Each scenario has a soundtrack suited to its mood, while sound effects are just right and do not overwhelm the proceedings; together they compensate adequately for the absence of voice acting. Sensible and considerate, Jane is willing and resourceful enough to undo the failings of her past lives. She's blessed with a script that is concise yet precise, albeit sometimes to the point of stating the obvious, and is a companionable partner to play with. Interestingly, though three of her four incarnations are male, her practical personality makes the transitions feel natural and gender-independent.

Back to life after her ordeals in the astral library, the Collector's Edition bonus chapter sees Jane soon dragged into the depths of a new mystery by yet another disconsolate spirit. Based on the urban legend of the White Lady, this story is about a rich pirate's daughter who was betrayed by her greedy fiancé and has since been exacting her revenge on random young men by drowning them in the aptly-named Disappearance Bay. The hour-long expansion is similar in gameplay to the main segment, with several inventory quests that send Jane back and forth between a series of underwater caves containing dead bodies, treasure, a shark, and four standalone puzzles including a devilish rotator with pearls to be set in three different patterns. The four hidden object screens are repeated once each. A strictly-standalone affair, the extra case is recommended mainly if the original four leave you gasping immediately for more.

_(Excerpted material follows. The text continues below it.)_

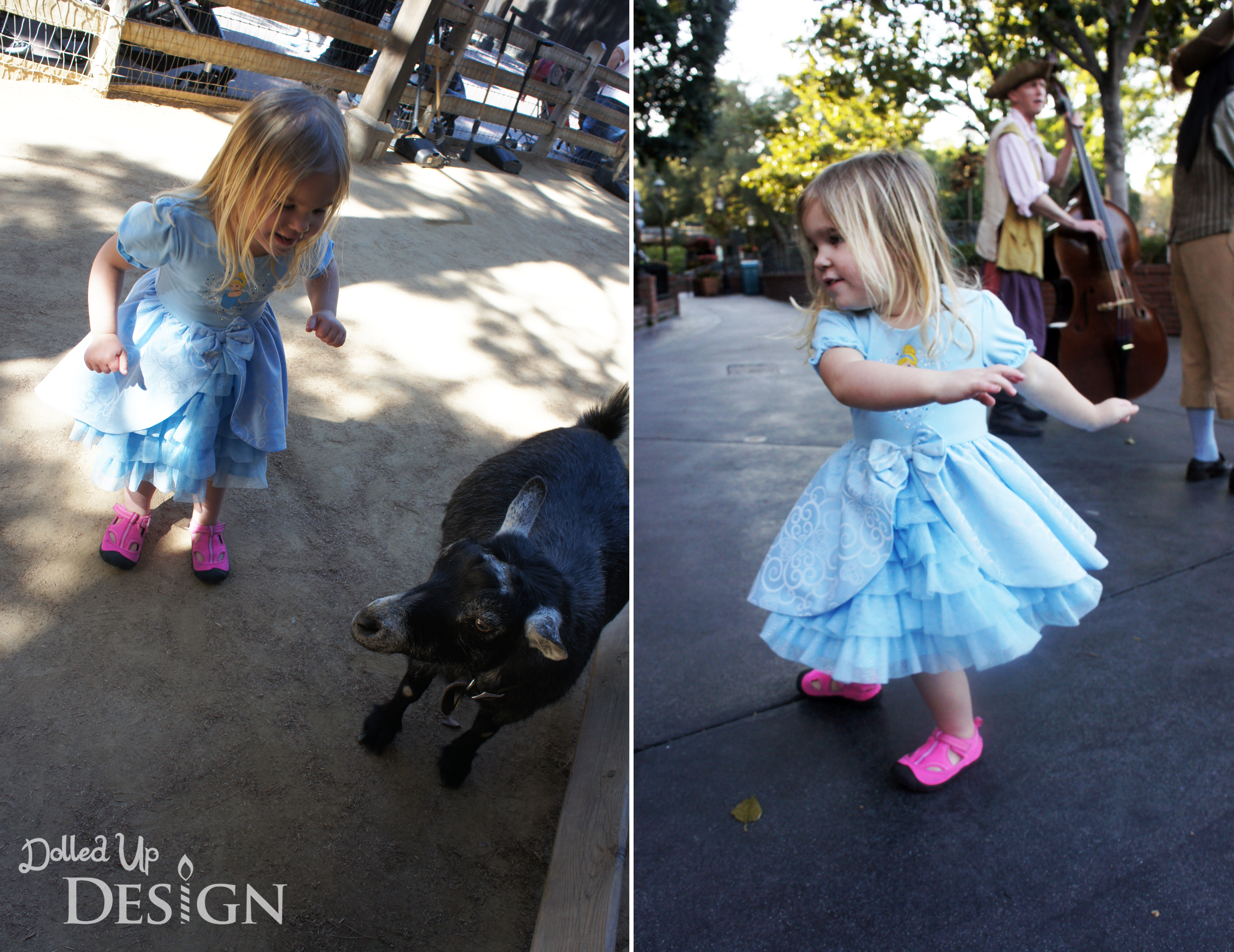 BUT I was also afraid after seeing all the other little girls in the park wearing their Princess dresses that she would be upset. In the past month, she definitely hit the terrible two stage full-on and has become very headstrong if there is something she sees and wants. Before the trip, I downloaded the Disneyland app to my phone and she repeatedly went to the Fantasy Faire section to pull-up the pictures of the princesses to point to the dresses and proclaim “I want dat!”. I know they do sell much better quality dress-up costumes in the parks, but there are still a lot of itchy materials and the length issue to consider.

Reincarnations: Back To Reality is quite like an episodic television series with a 'case of the week' formula, and loyally follows its two predecessors in concept and gameplay. It's basically a collection of four mini-stories tied together by a flimsy central arc. This is great for variety given the four diverse scenarios, but on the flip side, the stories and characters lack depth as each case is too brief to delve beyond the superficial. But Reincarnations makes up for its simplistic plots with solid execution, and is packed to the brim with engaging casual adventuring. Despite the niggles of the harder modes – tough-to-locate hotspots, hidden object areas reactivated without notice, some clueless wandering – the game provides over five hours of activity-oriented entertainment, and if you're still craving more, serves up a fifth case as the CE extra. And if even that's not enough, rest assured that yet another reincarnation is on the horizon.